Task: Output all entries exactly as they appear and skip the pictures.

Records to process:

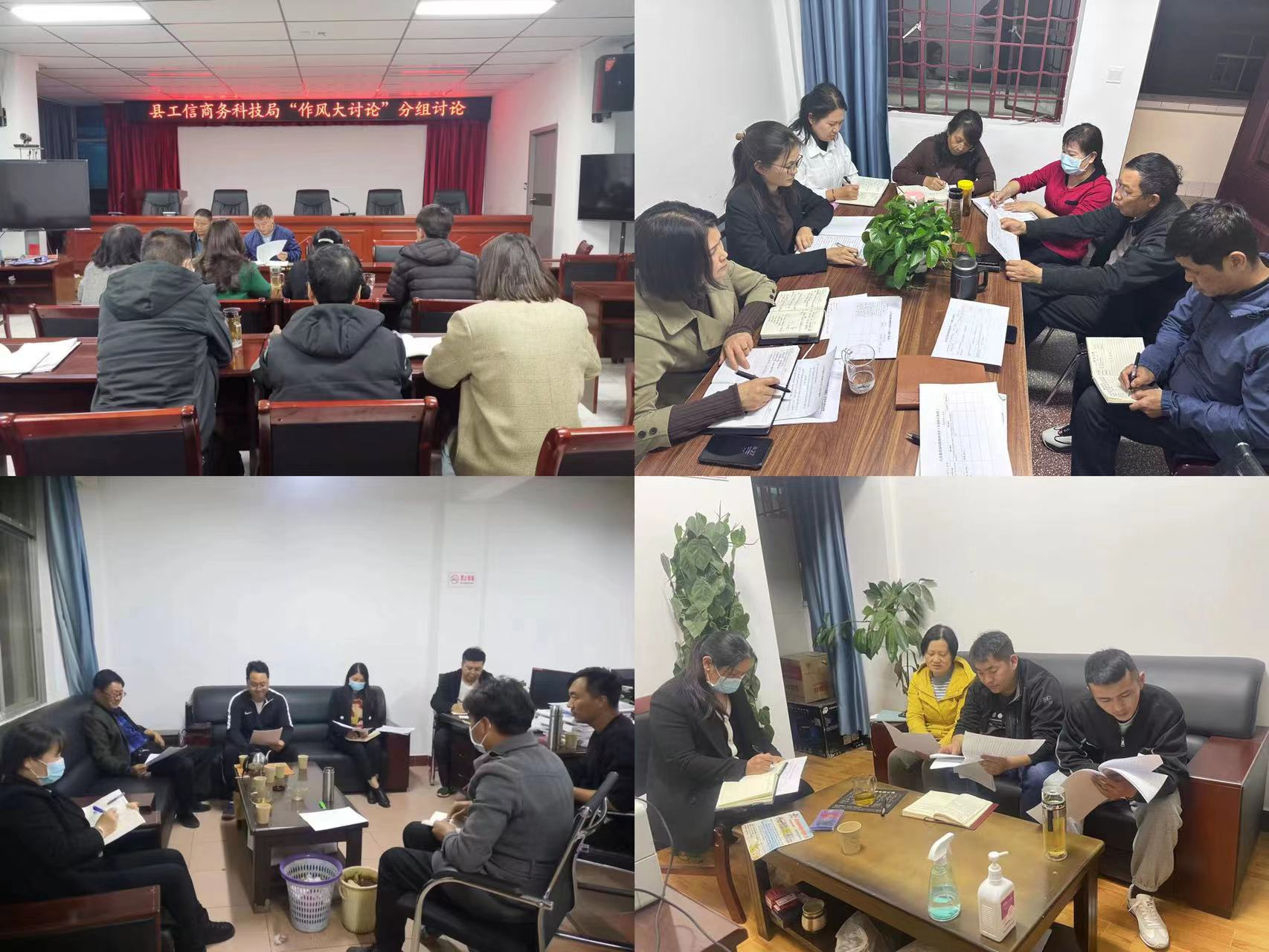 为贯彻落实党的二十大精神和习近平总书记关于作风建设的重要论述,着力转变干部作风,提振干事创业精气神,切实加强机关效能建设,县工信商务科技局利用周一晚大学习实践集中组织开展“作风大讨论”主题实践活动,全体干部职工共计37人分4组参加了讨论。
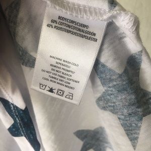 White with navy blue stars. Lightweight material. Key hole back. Rounded hemline. Wear for yoga or cover up afterwards. Or just as an everyday tank top.
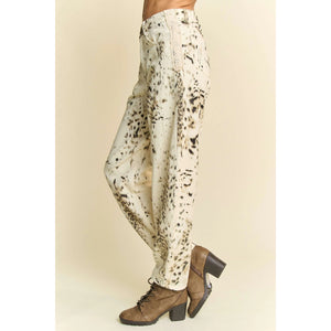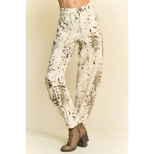 These fashionable high-waisted pants feature a stunning abstract spotted pattern on a cream background. Made from quality cotton blend fabric that ensures both comfort and style. The straight-leg cut offers a flattering silhouette while the artistic print adds a unique contemporary touch. Perfect for both casual and semi-formal occasions, these pants can be easily styled with various tops and accessories. The pattern creates visual interest while maintaining sophistication, making them a versatile addition to any wardrobe.
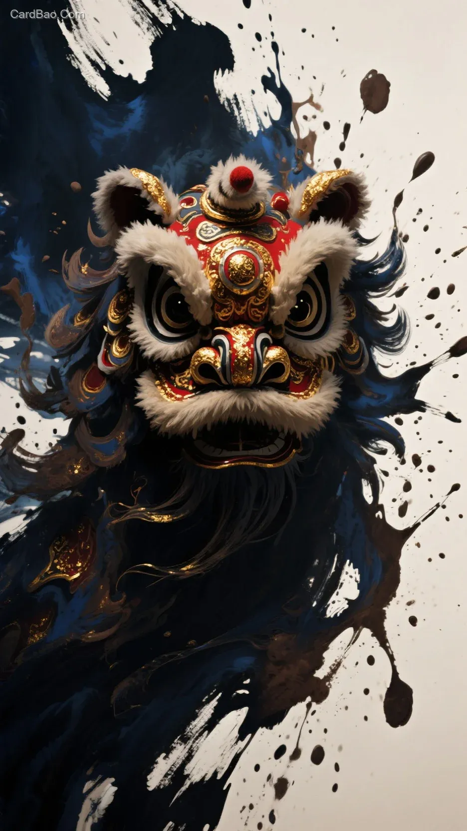 Visual impact, dark shades of blue and brown, ink fluid effects, particle splashes, rugged texture, high depth of field, layered depth of field, perfect lighting, elegant brushstrokes, ultra-high-definition detailing, masterpiece quality, dark aesthetics. Exquisitely crafted lion dance head, gold powder and cinnabar accents, matte texture.
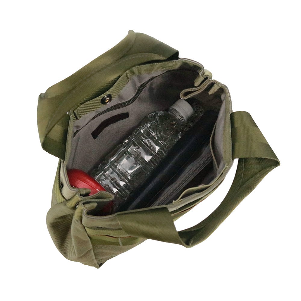 メイン開閉はホックになっているので、ペットボトルなど背の高いアイテムも縦に入れる事ができ、左右から素早く出し入れ可能。
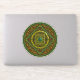 This mandala was designed for the zodiac sign, Taurus, depicting an emerald stone in the centre surrounded by elements representing the sign, such as the symbol for the sign, the constellation, and the alchemical symbol for Earth, as well as filigree vines and weaves wrapping it all into a solid image in shades of browns, greens, and golds.
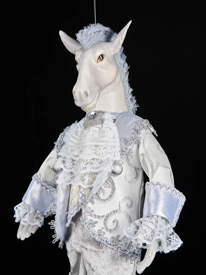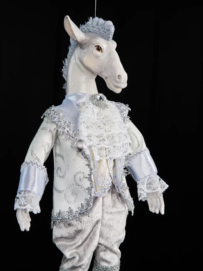 - Дизайн: Украшение изображает коня в царском наряде с бело серебристыми элементами, что подчеркивает его роскошный вид.

Task output:
 为贯彻落实党的二十大精神和习近平总书记关于作风建设的重要论述,着力转变干部作风,提振干事创业精气神,切实加强机关效能建设,县工信商务科技局利用周一晚大学习实践集中组织开展“作风大讨论”主题实践活动,全体干部职工共计37人分4组参加了讨论。
 White with navy blue stars. Lightweight material. Key hole back. Rounded hemline. Wear for yoga or cover up afterwards. Or just as an everyday tank top.
 These fashionable high-waisted pants feature a stunning abstract spotted pattern on a cream background. Made from quality cotton blend fabric that ensures both comfort and style. The straight-leg cut offers a flattering silhouette while the artistic print adds a unique contemporary touch. Perfect for both casual and semi-formal occasions, these pants can be easily styled with various tops and accessories. The pattern creates visual interest while maintaining sophistication, making them a versatile addition to any wardrobe.
 Visual impact, dark shades of blue and brown, ink fluid effects, particle splashes, rugged texture, high depth of field, layered depth of field, perfect lighting, elegant brushstrokes, ultra-high-definition detailing, masterpiece quality, dark aesthetics. Exquisitely crafted lion dance head, gold powder and cinnabar accents, matte texture.
 メイン開閉はホックになっているので、ペットボトルなど背の高いアイテムも縦に入れる事ができ、左右から素早く出し入れ可能。
 This mandala was designed for the zodiac sign, Taurus, depicting an emerald stone in the centre surrounded by elements representing the sign, such as the symbol for the sign, the constellation, and the alchemical symbol for Earth, as well as filigree vines and weaves wrapping it all into a solid image in shades of browns, greens, and golds.
 - Дизайн: Украшение изображает коня в царском наряде с бело серебристыми элементами, что подчеркивает его роскошный вид.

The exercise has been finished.